◆ Material for this task
====
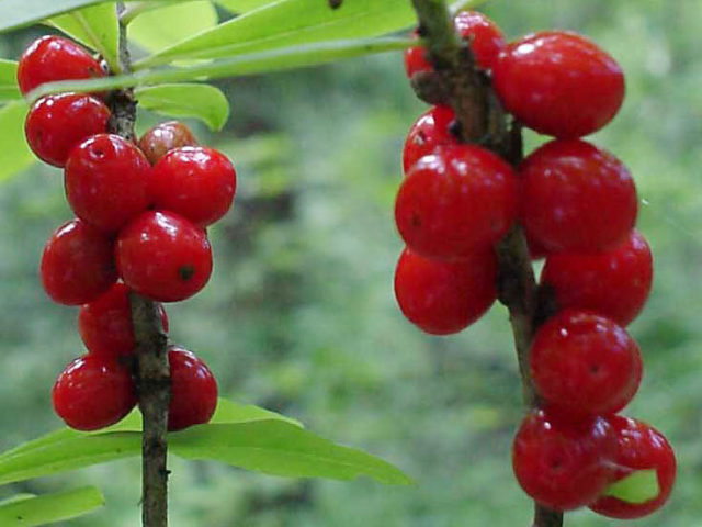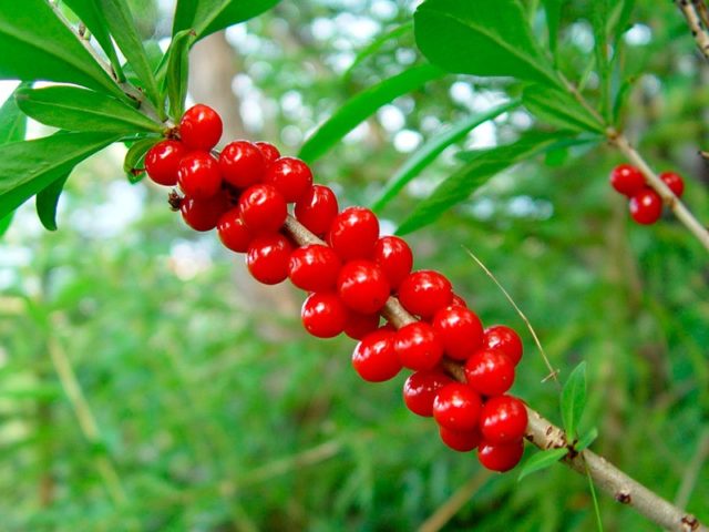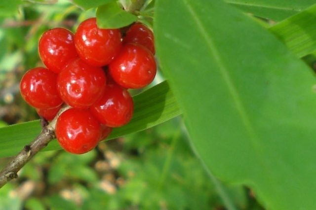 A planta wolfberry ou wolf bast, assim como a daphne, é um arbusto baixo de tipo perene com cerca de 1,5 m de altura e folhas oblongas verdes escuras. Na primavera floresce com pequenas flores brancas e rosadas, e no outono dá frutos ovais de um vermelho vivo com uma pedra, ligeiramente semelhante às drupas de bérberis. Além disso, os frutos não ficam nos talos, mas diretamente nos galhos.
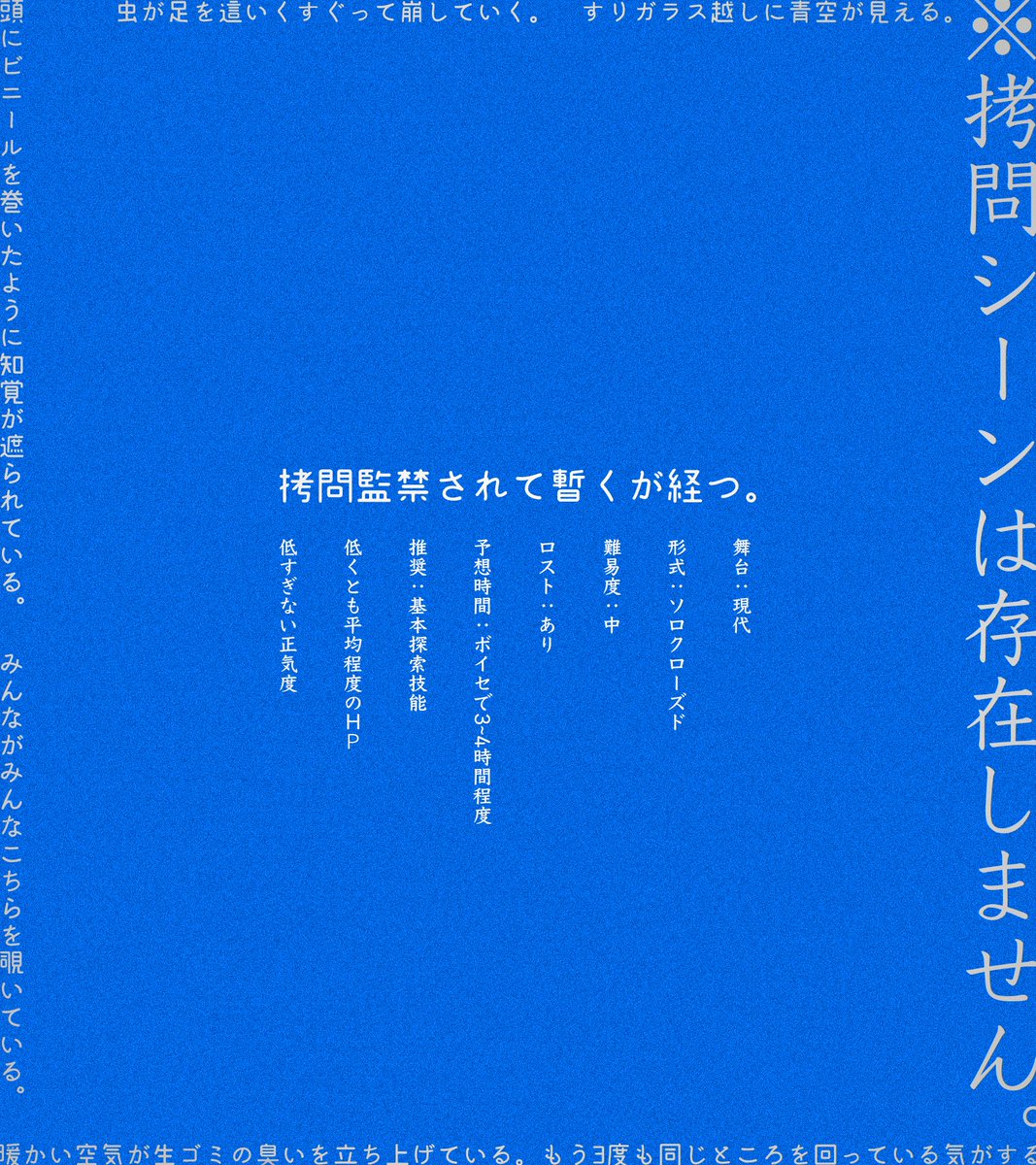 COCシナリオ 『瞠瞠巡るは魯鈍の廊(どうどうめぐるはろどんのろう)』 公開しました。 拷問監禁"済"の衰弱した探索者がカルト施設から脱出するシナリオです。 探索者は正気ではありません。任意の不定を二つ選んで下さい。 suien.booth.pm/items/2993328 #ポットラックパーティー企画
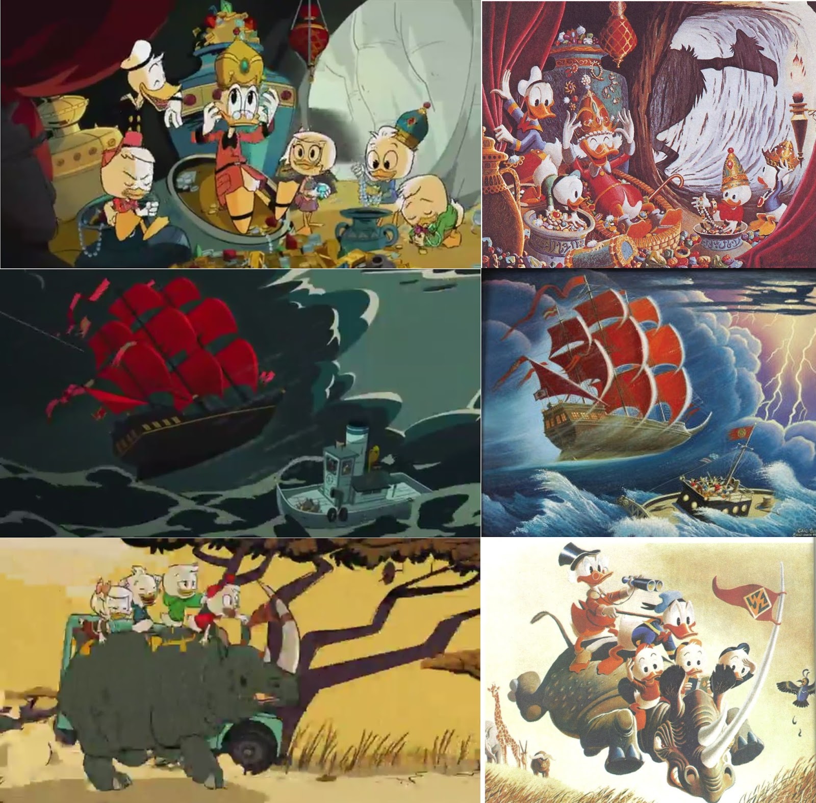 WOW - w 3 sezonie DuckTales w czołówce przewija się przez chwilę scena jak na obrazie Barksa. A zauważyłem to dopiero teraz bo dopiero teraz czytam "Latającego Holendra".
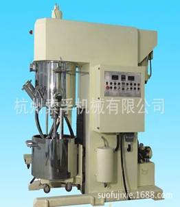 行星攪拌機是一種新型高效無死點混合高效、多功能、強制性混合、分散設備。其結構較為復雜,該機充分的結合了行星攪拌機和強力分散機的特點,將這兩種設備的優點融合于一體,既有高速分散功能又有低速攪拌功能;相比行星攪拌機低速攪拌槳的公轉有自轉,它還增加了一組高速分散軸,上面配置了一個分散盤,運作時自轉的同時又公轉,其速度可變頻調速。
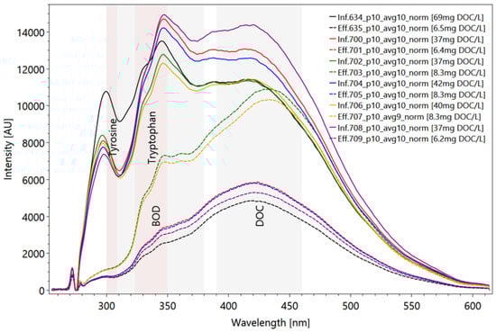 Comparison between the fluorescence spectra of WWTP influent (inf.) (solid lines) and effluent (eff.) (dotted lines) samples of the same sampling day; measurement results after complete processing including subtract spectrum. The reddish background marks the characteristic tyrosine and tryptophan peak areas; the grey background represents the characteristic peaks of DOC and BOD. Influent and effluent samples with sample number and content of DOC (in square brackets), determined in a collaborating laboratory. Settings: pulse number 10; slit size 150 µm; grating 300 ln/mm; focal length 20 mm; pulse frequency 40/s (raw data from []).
====
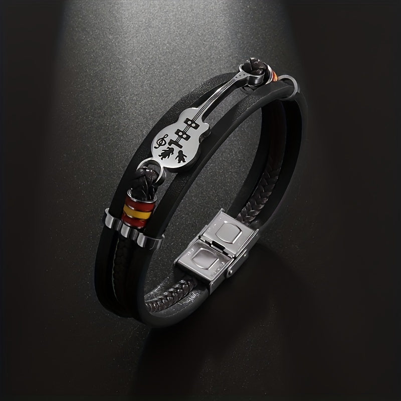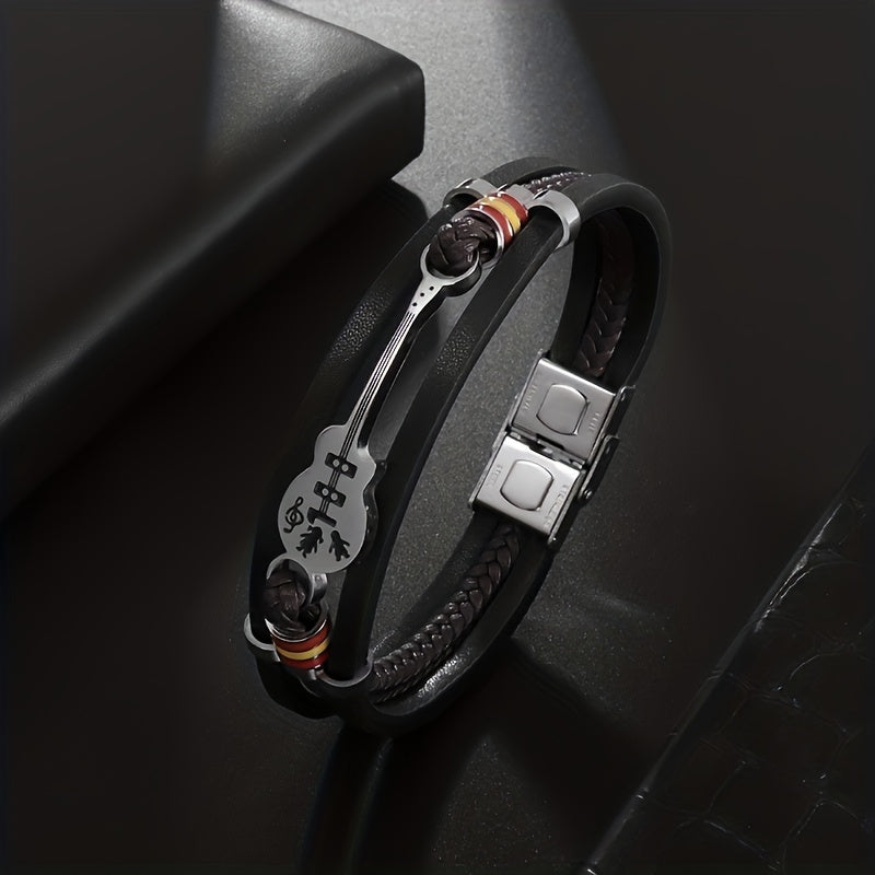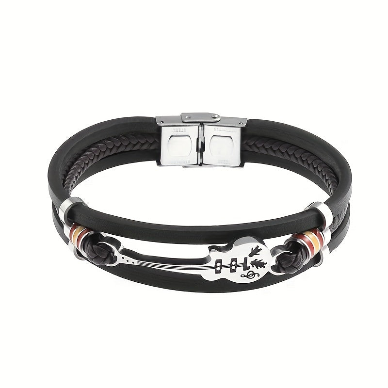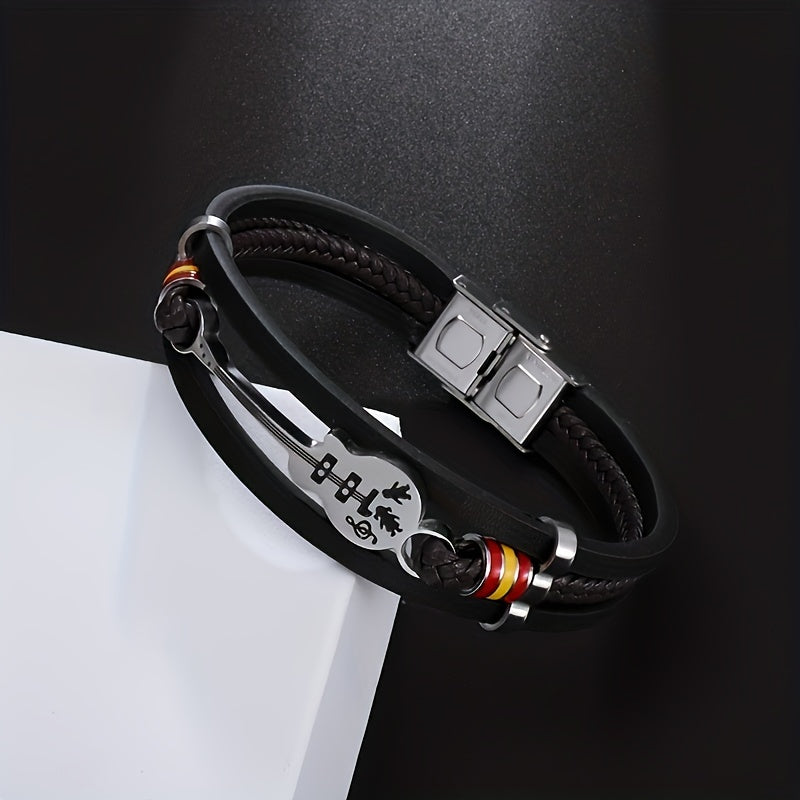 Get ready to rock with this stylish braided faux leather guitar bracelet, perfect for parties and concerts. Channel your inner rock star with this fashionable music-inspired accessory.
====
◆ Assignment
Transcribe only the lines above that start at the line containing "COCシナリオ 『瞠瞠巡るは魯鈍の廊(どうどうめぐるはろどんのろう)』 公開しました。" and end at the line containing "Comparison between the". Omit pictures.

◆ Reply to the exercise
 COCシナリオ 『瞠瞠巡るは魯鈍の廊(どうどうめぐるはろどんのろう)』 公開しました。 拷問監禁"済"の衰弱した探索者がカルト施設から脱出するシナリオです。 探索者は正気ではありません。任意の不定を二つ選んで下さい。 suien.booth.pm/items/2993328 #ポットラックパーティー企画
 WOW - w 3 sezonie DuckTales w czołówce przewija się przez chwilę scena jak na obrazie Barksa. A zauważyłem to dopiero teraz bo dopiero teraz czytam "Latającego Holendra".
 行星攪拌機是一種新型高效無死點混合高效、多功能、強制性混合、分散設備。其結構較為復雜,該機充分的結合了行星攪拌機和強力分散機的特點,將這兩種設備的優點融合于一體,既有高速分散功能又有低速攪拌功能;相比行星攪拌機低速攪拌槳的公轉有自轉,它還增加了一組高速分散軸,上面配置了一個分散盤,運作時自轉的同時又公轉,其速度可變頻調速。
 Comparison between the fluorescence spectra of WWTP influent (inf.) (solid lines) and effluent (eff.) (dotted lines) samples of the same sampling day; measurement results after complete processing including subtract spectrum. The reddish background marks the characteristic tyrosine and tryptophan peak areas; the grey background represents the characteristic peaks of DOC and BOD. Influent and effluent samples with sample number and content of DOC (in square brackets), determined in a collaborating laboratory. Settings: pulse number 10; slit size 150 µm; grating 300 ln/mm; focal length 20 mm; pulse frequency 40/s (raw data from []).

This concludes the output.